Sensory Challenges (Presented in Arabic)

Presenter: Majdi Bzoor

Precis: How being hypersensitive and/or hyposensitive in relation to one's senses can affect a child's behavior.

For more information on how to register please call Yasser Salah at the Learning Resource Center, Tel: (+202) 25163965 or 67 or e-mail:

Thank you and I hope many can attend this conference.

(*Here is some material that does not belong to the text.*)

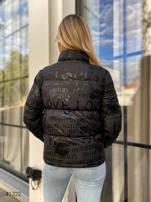 Куртка женская черная с принтом. Утеплитель синтепон. Размеры: 42 – 44 (М), 46 (L), 48 (ХL)

Thursday, February 19, 2009


Sue Hartshorne has resigned her role as the WFOT Ambassador to the Egypt Project. However, Sue continues to work in Egypt and supports the development of OT in the country. Members of the CDOTE and the WFOT thank her for her contributions. The WFOT Executive Management Team have agreed that the ambassador position is now no longer required. We all look forward to progress continuing through the Committee to Develop OT in Egypt (CDOTE). The WFOT have reported that they will continue to monitor the situation via the Egypt Project led by Christiane Mentrup and look forward to being approached in the future with an application for an educational programme approval and hopefully ultimately membership of WFOT.


The next CDOTE Meeting:

Wednesday, February 25th at 4:30pm 

at the

 Learning Resource Center. 

New members: please contact myself or any of the CDOTE members if you would like to attend. 


Tuesday, February 10, 2009

OT Educational Programs Update

At this point, there are unfortunately no new developments with Ain Sham's and 6th October University starting their OT educational programs.

Arab OT Newsletter

I am collecting information regarding OT related topics from the OT's in Egypt, so if anyone would like to contribute to the next newsletter please let me know. These topics will be compiled with other entries from OT's in the Arab region. Topics may include, but are not limited to research, program development, job availabilities, conferences, workshops, treatment techniques etc.


Posting Comments....

Many times I receive comments on various entries, which are well worth reading and responding to; however, many times those commenting do not leave their contact information. I usually respond directly to that entry, but that will only go on the blog and not directly to the person who messaged.

So, please leave your contact information when posting comments!